Approved by NAPNAP’s President
The National Association of Pediatric Nurse Practitioners (NAPNAP) joined numerous advanced practice nursing organizations in an open letter regarding Bloomberg’s article “The Miseducation of America’s Nurse Practitioners” published on July 24, 2024. The biased article failed to accurately and fully report on the high quality, evidence-based care that our nation’s 300,000-plus nurse practitioners (NPs) provide to millions of patients each year. It also failed to mention that nursing remained the No. 1 trusted profession in the U.S. for more than 20 years while medical doctors fell to the fifth spot in Gallup’s 2023 poll. Rather, the writers focused on a few specific cases with tragic outcomes that involved NP-delivered care and comments from disgruntled students and clinicians to incite doubt and fear among patients.
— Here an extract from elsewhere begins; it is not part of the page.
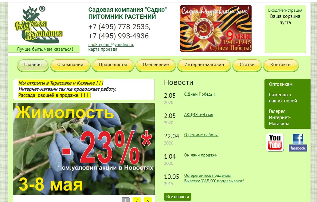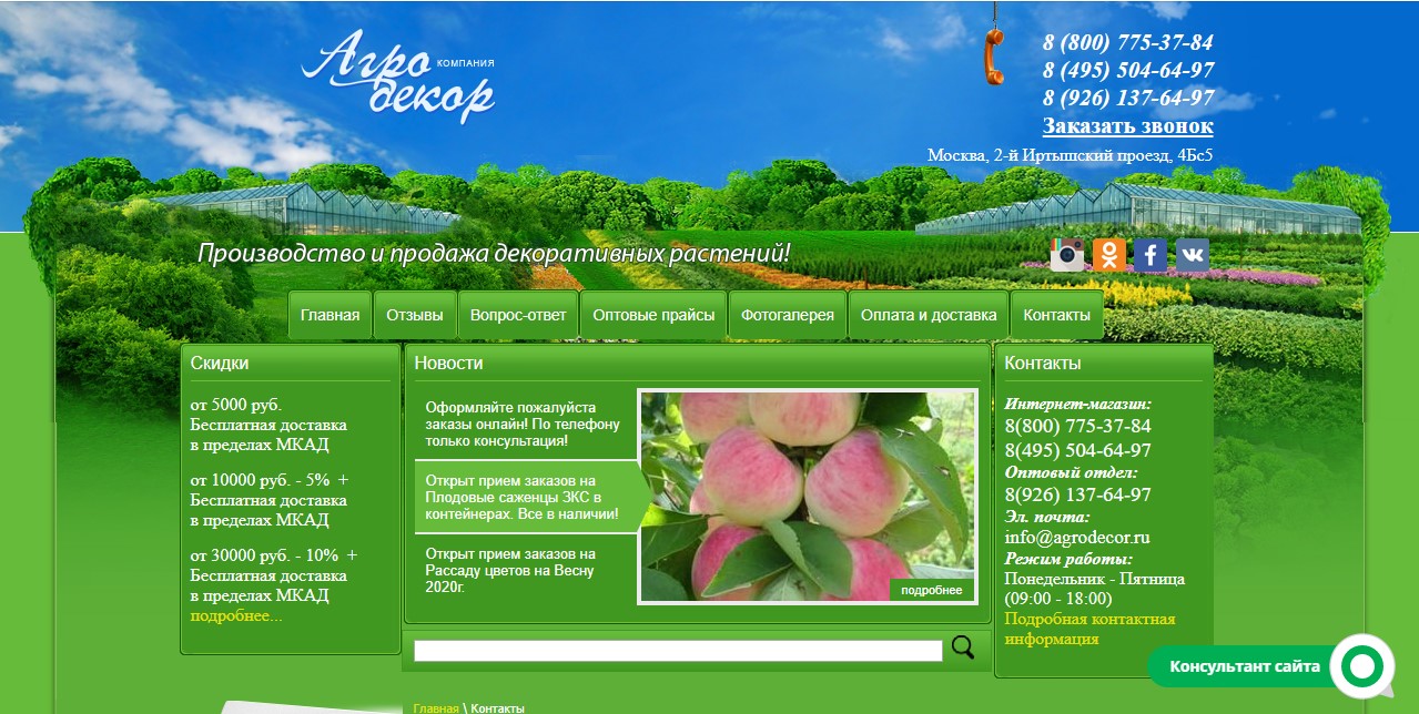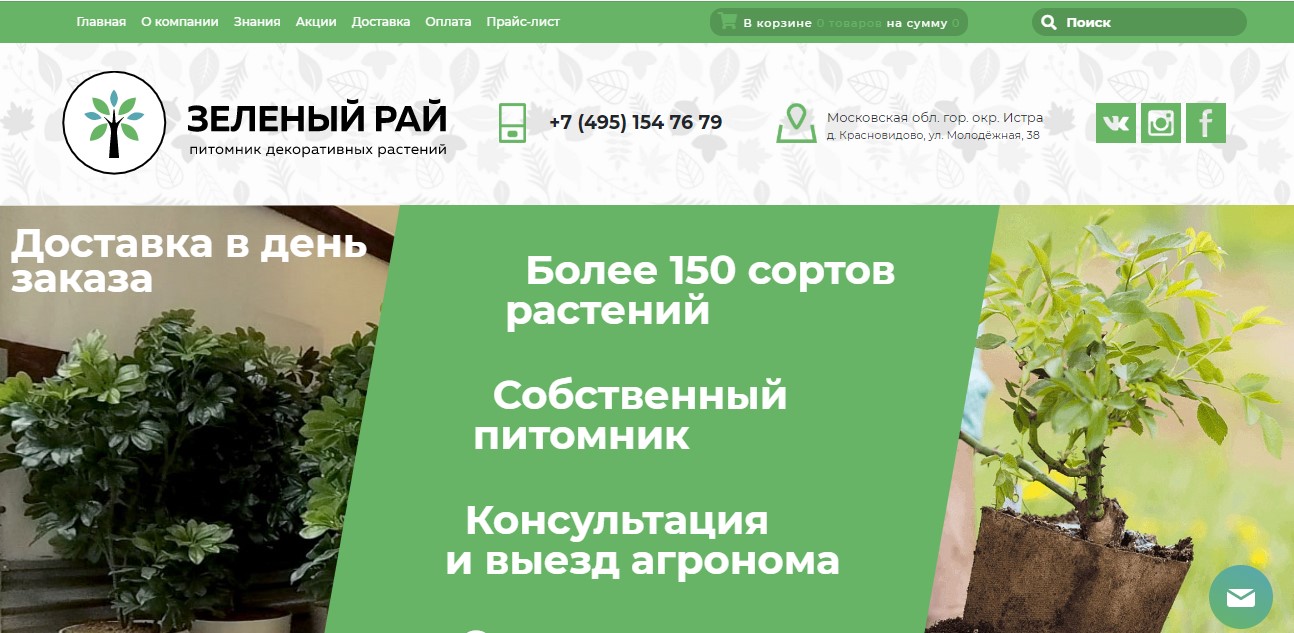 One of the largest metropolitan nurseries, pleasing gardeners with its quality products. According to the company, sales coverage extends to more than 500 small settlements in Moscow and the Moscow region. Among those who actively use the services of this company, there are eminent stars of show business, whose video reviews can be found on the site.

While the writers seek to disparage the NP profession, our nation faces multiple pediatric health care crises:
- CDC: youth suicide is up 62% from 2007-2021
- CDC: childhood MMR immunization rates are falling under the Healthy People 2030 target of 95% to as low as 90% in some states
- CDC: number of measles cases as of July 2024 is three times higher than the total number of cases in 2023
- CDC: child and adolescent obesity prevalence from 2017-2020 was 19.7%, three times higher than it was in the 1970s
- Mental Health America: 20.17% of adolescents reported suffering a least one major depressive episode in the last year
Pediatric nurse practitioners, family nurse practitioners and other nurse practitioners caring for children have mastered nationally validated competencies and competency-based standards, been certified by nationally accredited boards, and licensed by state boards. As noted in the open letter from NP societies, there are “more than 50 studies that definitively demonstrate that NPs in the U.S. provide high-quality primary, acute and specialty health care services across the lifespan and in diverse settings.” NP experts caring for children provide evidence-based care to tens of millions of patients each year, especially those in underserved communities and the more than 37 million children enrolled in the Children’s Health Insurance Program (CHIP) and Medicaid.
NAPNAP urges the media to present balanced information that fairly represents the increasingly valuable role that NPs play in our nation’s health care and the contributions NPs make to improving health outcomes.